Is it better to make 2 payments on credit card?
Strategic Credit Card Payments: Making Multiple Payments to Save on Interest
When managing your credit card debt, the frequency of payments you make can impact your overall interest costs. While some cardholders may opt to make only the minimum payment each month, a more effective strategy involves making multiple payments whenever possible.
Understanding Average Daily Balance
The average daily balance on your credit card is the average amount of debt you carry over a billing cycle. This balance is used to calculate the interest you owe on your purchases. By making frequent payments, you can lower your average daily balance and reduce the amount of interest you pay.
How Frequent Payments Help
When you make multiple payments on your credit card, you essentially divide your total balance into smaller chunks. Each time you pay, the balance from those payments is subtracted from your average daily balance.

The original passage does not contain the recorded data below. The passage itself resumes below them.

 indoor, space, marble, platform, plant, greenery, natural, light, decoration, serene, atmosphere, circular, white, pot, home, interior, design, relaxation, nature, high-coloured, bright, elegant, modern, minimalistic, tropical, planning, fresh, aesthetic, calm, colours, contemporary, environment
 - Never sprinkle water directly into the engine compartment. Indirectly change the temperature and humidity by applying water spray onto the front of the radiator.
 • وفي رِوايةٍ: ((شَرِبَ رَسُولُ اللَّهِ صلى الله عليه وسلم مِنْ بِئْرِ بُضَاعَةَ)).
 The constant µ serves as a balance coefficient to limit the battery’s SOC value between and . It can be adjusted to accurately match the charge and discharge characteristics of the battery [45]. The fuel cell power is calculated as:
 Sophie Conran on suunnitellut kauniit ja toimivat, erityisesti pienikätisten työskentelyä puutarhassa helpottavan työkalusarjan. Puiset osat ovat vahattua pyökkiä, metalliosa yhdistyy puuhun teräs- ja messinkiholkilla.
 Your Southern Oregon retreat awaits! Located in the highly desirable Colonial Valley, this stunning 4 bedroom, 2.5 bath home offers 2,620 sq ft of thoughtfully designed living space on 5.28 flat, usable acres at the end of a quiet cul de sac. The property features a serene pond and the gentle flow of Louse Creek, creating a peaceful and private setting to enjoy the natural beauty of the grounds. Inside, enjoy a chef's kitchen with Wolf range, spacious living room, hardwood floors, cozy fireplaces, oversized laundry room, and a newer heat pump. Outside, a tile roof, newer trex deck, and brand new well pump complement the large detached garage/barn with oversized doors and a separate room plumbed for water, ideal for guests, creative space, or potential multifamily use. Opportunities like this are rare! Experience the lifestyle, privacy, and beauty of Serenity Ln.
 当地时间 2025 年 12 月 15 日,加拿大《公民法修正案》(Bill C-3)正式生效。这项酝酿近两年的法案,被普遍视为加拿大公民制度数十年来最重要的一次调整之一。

As a result, your average daily balance over the billing cycle will be lower, which in turn reduces the interest you owe.

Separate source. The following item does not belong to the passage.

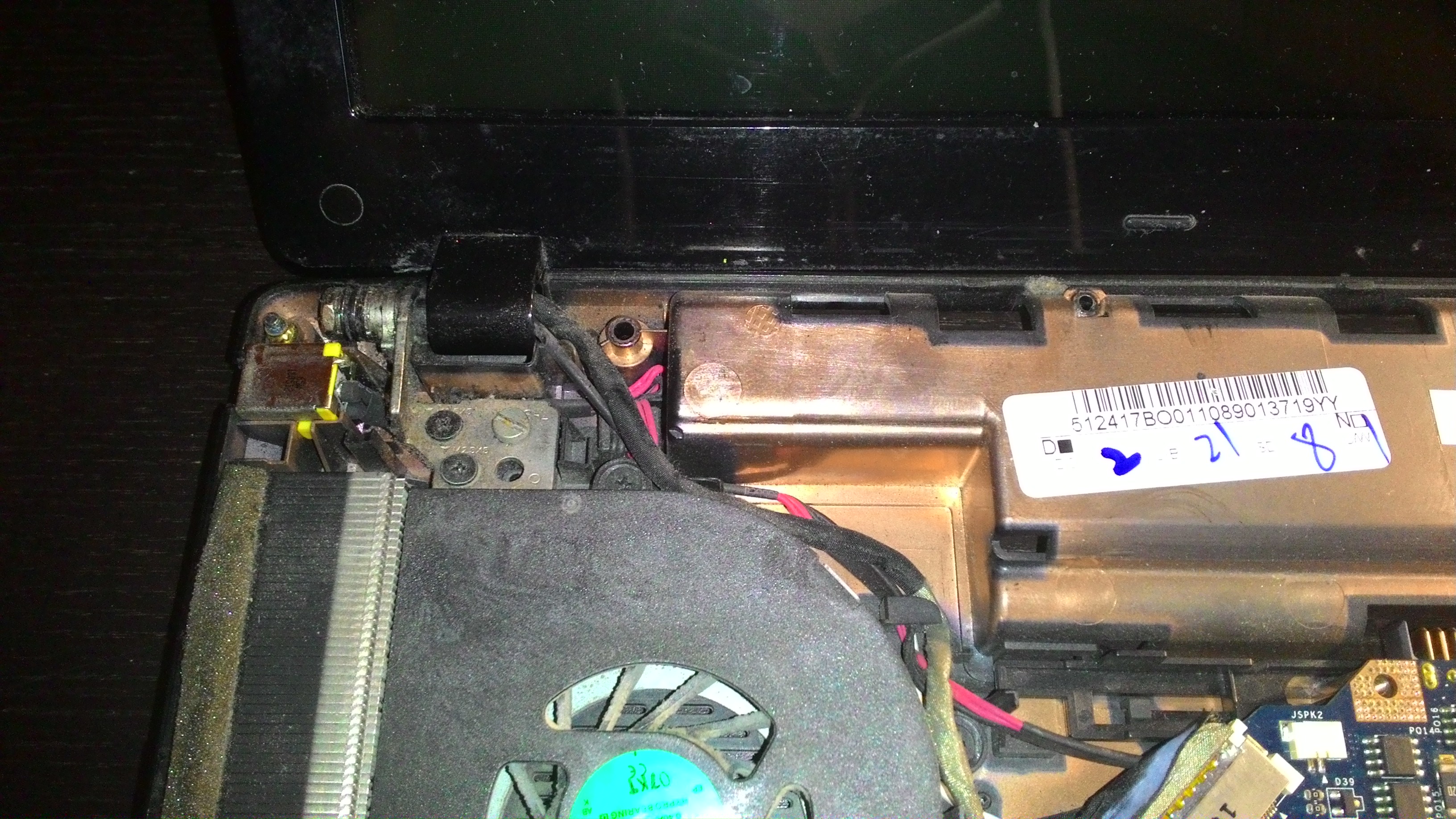 -Die Verkabelung vom Mainboard zum Bildschirm sieht gut aus, soweit man das sehen kann. Leider sehe ich nur bis zu den Scharnieren und weiß auch nicht wie ich den Rest inspizieren könnte.
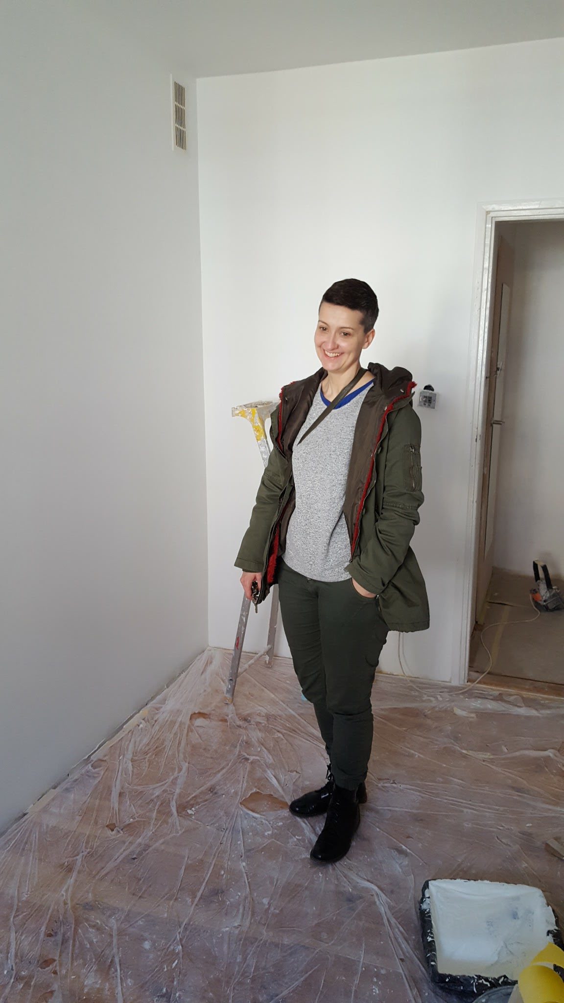 W tym pokoju trzeba było wymienić podłogę (jak i zresztą w sypialni i przedpokoju), naprawić rolety, pomalować ściany pozbyć się mebli.

Benefits of Multiple Payments
Making strategic credit card payments offers several benefits:
- Lower interest charges: Frequent payments minimize the average daily balance, reducing the total amount of interest accrued.
- Faster debt repayment: Smaller, more frequent payments can help you pay off your debt faster than making only the minimum payment each month.

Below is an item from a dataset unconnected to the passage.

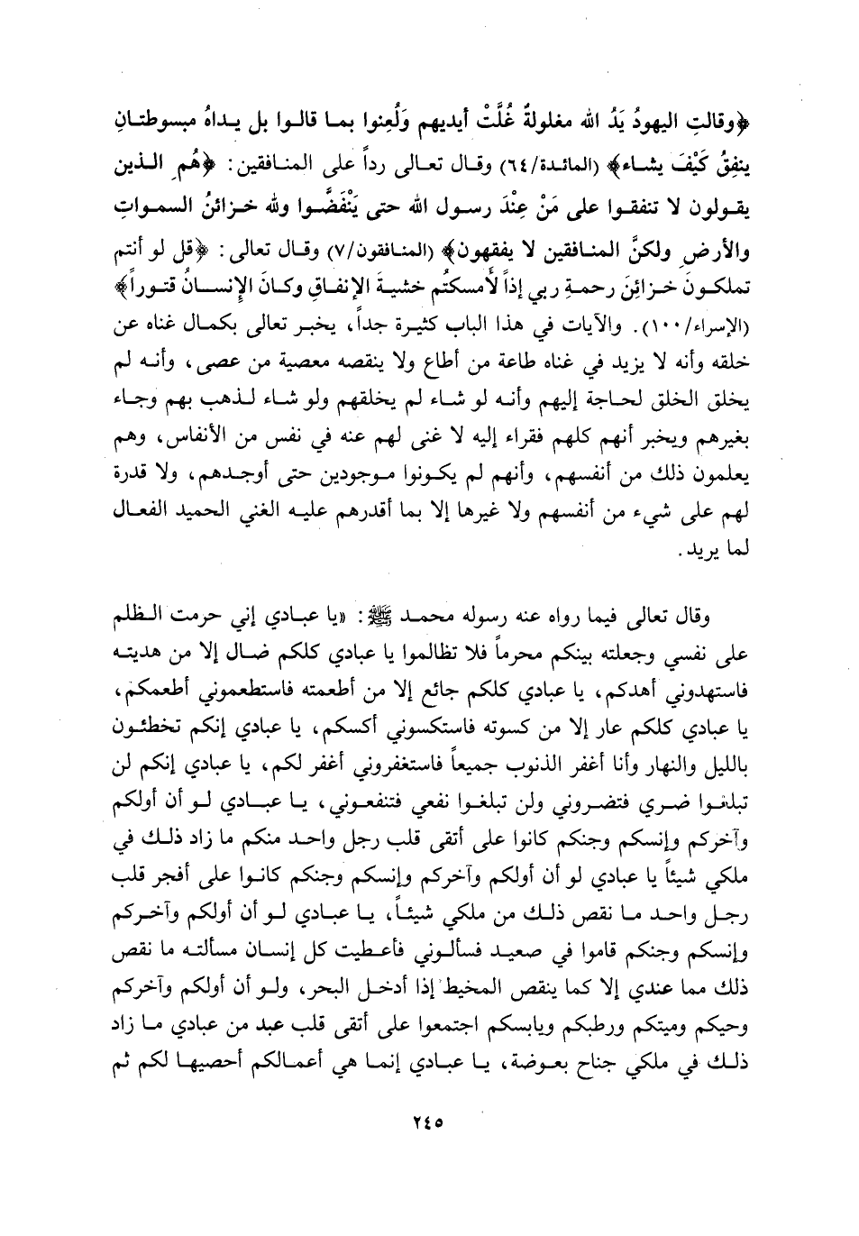 وَقَالَ تَعَالَى فِيمَا رَوَاهُ عَنْهُ رَسُولُهُ مُحَمَّدٌ صَلَّى اللَّهُ عَلَيْهِ وَسَلَّمَ: "يَا عِبَادِي إِنِّي حَرَّمْتُ الظُّلْمَ عَلَى نَفْسِي وَجَعَلْتُهُ بَيْنَكُمْ مُحَرَّمًا فَلَا تَظَّالَمُوا يَا عِبَادِي كُلُّكُمْ ضَالٌّ إِلَّا مَنْ هَدَيْتُهُ فَاسْتَهْدُونِي أَهْدِكُمْ, يَا عِبَادِي كُلُّكُمْ جَائِعٌ إِلَّا مَنْ أَطْعَمْتُهُ فَاسْتَطْعِمُونِي أُطْعِمْكُمْ, يَا عِبَادِي كُلُّكُمْ عَارٍ إِلَّا مَنْ كَسَوْتُهُ فَاسْتَكْسُونِي أَكْسُكُمْ, يَا عِبَادِي إِنَّكُمْ تُخْطِئُونَ بِاللَّيْلِ وَالنَّهَارِ وَأَنَا أَغْفِرُ الذُّنُوبَ جَمِيعًا فَاسْتَغْفِرُونِي أَغْفِرْ لَكُمْ, يَا عِبَادِي إِنَّكُمْ لَنْ تَبْلُغُوا ضُرِّي فَتَضُرُّونِي وَلَنْ تَبْلُغُوا نَفْعِي فَتَنْفَعُونِي, يَا عِبَادِي لَوْ أَنَّ أَوَّلَكُمْ وَآخِرَكُمْ وَإِنْسَكُمْ وَجِنَّكُمْ كَانُوا عَلَى أَتْقَى قَلْبِ رَجُلٍ وَاحِدٍ مِنْكُمْ مَا زَادَ ذَلِكَ فِي مُلْكِي شَيْئًا, يَا عِبَادِي لَوْ أَنَّ أَوَّلَكُمْ وَآخِرَكُمْ وَإِنْسَكُمْ وَجِنَّكُمْ كَانُوا عَلَى أَفْجَرِ قَلْبِ رَجُلٍ وَاحِدٍ مَا نَقَصَ ذَلِكَ مِنْ مُلْكِي شَيْئًا, يَا عِبَادِي لَوْ أَنَّ أَوَّلَكُمْ وَآخِرَكُمْ وَإِنْسَكُمْ وَجِنَّكُمْ قَامُوا فِي صَعِيدٍ وَاحِدٍ فَسَأَلُونِي فَأَعْطَيْتُ كُلَّ إِنْسَانٍ مَسْأَلَتَهُ مَا نَقَصَ ذَلِكَ مِمَّا عِنْدِي إِلَّا كَمَا يَنْقُصُ الْمِخْيَطُ إِذَا أُدْخِلَ الْبَحْرَ, وَلَوْ أَنَّ أَوَّلَكُمْ وَآخِرَكُمْ وَحَيَّكُمْ وَمَيِّتَكُمْ وَرَطْبَكُمْ وَيَابِسَكُمُ اجْتَمَعُوا عَلَى أَتْقَى قَلْبِ عَبْدٍ مِنْ عِبَادِي مَا زَادَ ذَلِكَ فِي مُلْكِي جَنَاحَ بَعُوضَةٍ, يَا عِبَادِي إِنَّمَا هِيَ أَعْمَالُكُمْ أُحْصِيهَا لَكُمْ ثُمَّ

- Improved credit score: Regularly making payments on time and reducing your debt can positively impact your credit score.
Tips for Making Multiple Payments
To maximize the benefits of multiple payments, consider the following tips:
- Set up automatic payments: Automate payments from your checking account to ensure timely payments and avoid late fees.
- Make extra payments when possible: If you have extra funds available, make additional payments towards your balance.
- Use a balance transfer card: Consider transferring your balance to a credit card with a 0% introductory APR to save on interest during the promotional period.
Example
For example, let’s say your credit card balance is $1,000 and you have a 15% APR. If you make the minimum payment of $25 each month, it would take 68 months to pay off the debt and you would pay a total of $163 in interest.
In contrast, if you make two payments of $50 each month, your average daily balance would be lower, and you would pay off the debt in 48 months. With this strategy, you would save $43 in interest compared to making only the minimum payment.
Conclusion
Making multiple payments on your credit card is a strategic approach that can significantly reduce your interest costs, accelerate debt repayment, and improve your credit score. By dividing your payments into smaller chunks and reducing your average daily balance, you can effectively manage your credit card debt while saving money in the long run.